Tumay could not find a major for college to satisfy his wants, and went through eight or nine majors in total before he dropped out. He was later working at restaurant jobs. One of these was a pizza delivery driver for Domino's Pizza. One of Tumay's friends introduced him to Logic Pro, a digital audio workstation program. He was interested in the program, but he could not figure out how to use it at the time so, one month later, he enrolled in Full Sail University in Winter Park, Florida to study audio engineering. Tumay graduated from the Full Sail in 2010 with a bachelor's degree in recording arts, and then scored an internship at Maze Studios in Atlanta, Georgia, to where he later relocated, and worked frequently with another record producer, Ben H. Allen, who taught Tumay more about recording and mixing for an additional three years. He also assisted Allen on projects for the experimental pop band Animal Collective and experimental musician Youth Lagoon, before fully going into working in the hip hop genre.

Career
Tumay visited many recording studios around Atlanta with his résumé looking for another internship, and got one as a technician at DARP Studios (later renamed as UAMG Studios) through his manager, Monica Tannian, due to his work with Allen. As he was in DARP Studios often, he got the opportunity to work with major artists such as T.I., Waka Flocka Flame, PartyNextDoor, and Tinashe, among others. In 2012, he met Metro Boomin at UAMG Studios, which lead to Tumay working with more artists and record producers such as Young Thug, Rich Homie Quan, Migos, DJ Spinz, Southside, TM88, 808 Mafia, Sonny Digital, and many more.

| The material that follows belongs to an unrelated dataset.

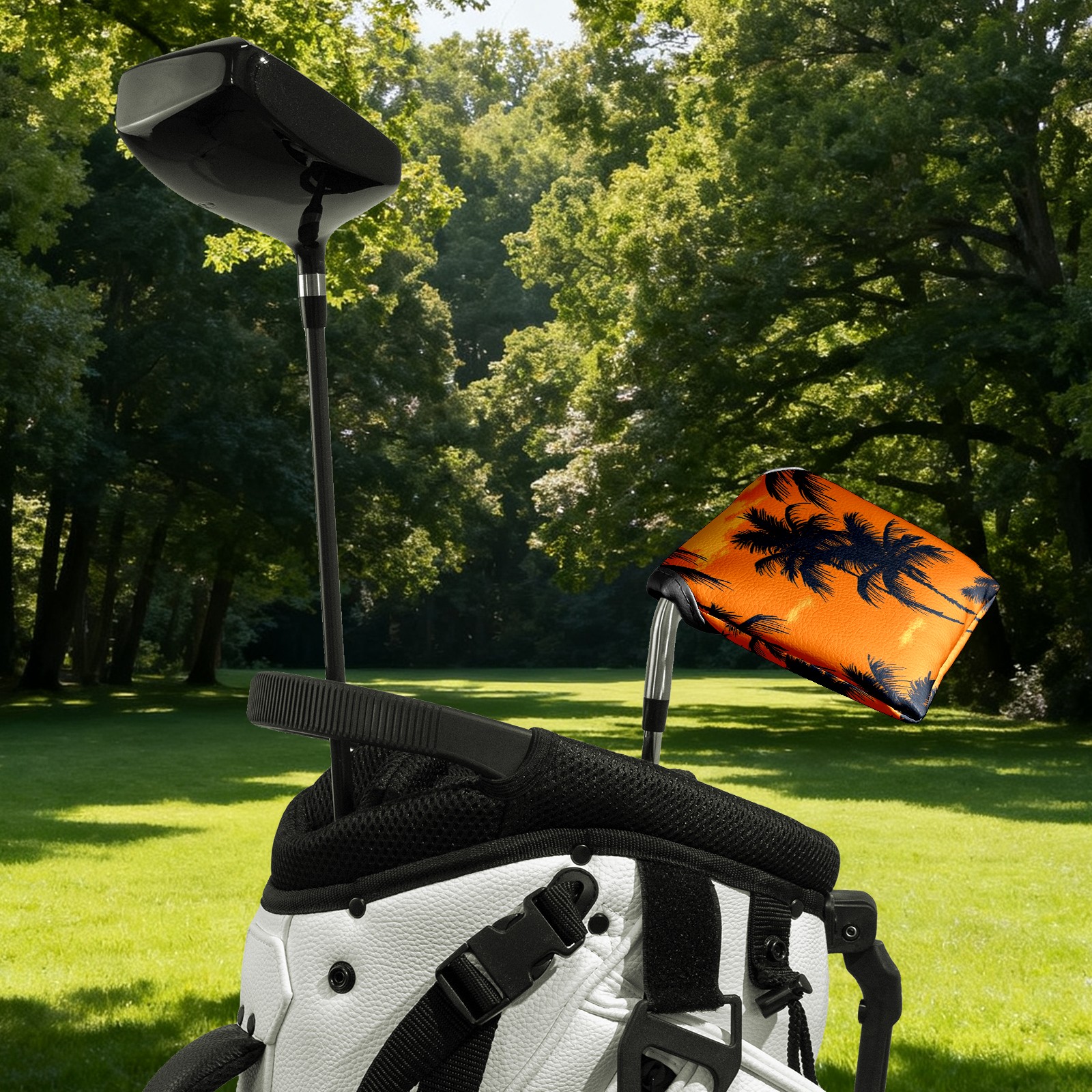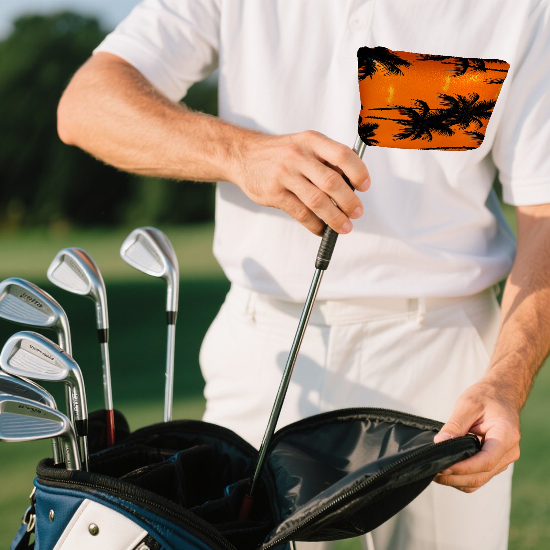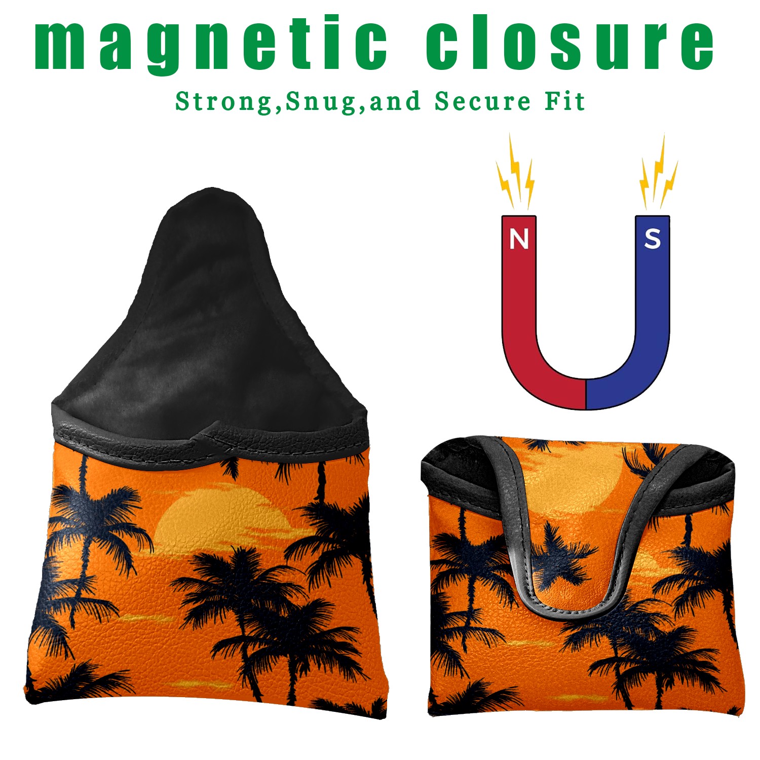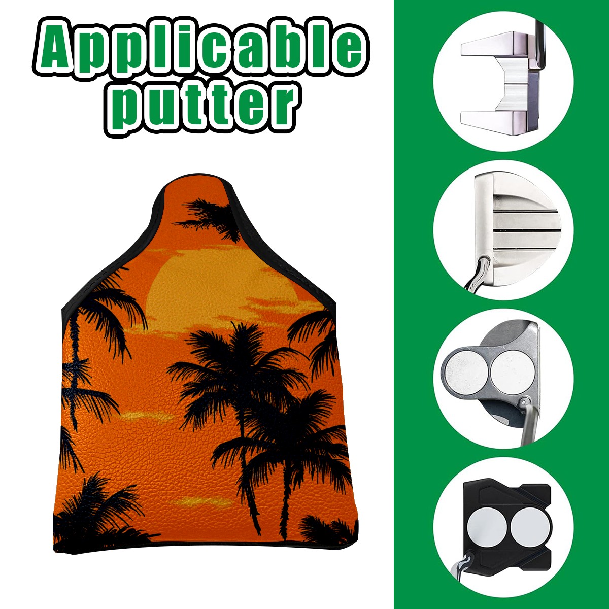 Golf Mallet Putter Cover Premium Leather Golf Putter Head Cover with Magnetic Closure Golf Cover for Men and Women Orange Sunset Pattern

Tumay is Young Thug's personal and most trusted recording and mixing engineer. He met Thug in early 2013, and the first song they worked together on was "Some More" from Metro Boomin's debut mixtape 19 & Boomin' , on which he also mixed most of the songs and executive produced it. Metro approached Tumay and asked him to record that song due to Thug having issues with his former recording and mixing engineer, whom Thug removed from that studio session. Tumay has been working with Thug closely ever since, as well with Metro Boomin and more recently, 21 Savage, for which Tumay recently recorded and mixed their debut EP, Savage Mode.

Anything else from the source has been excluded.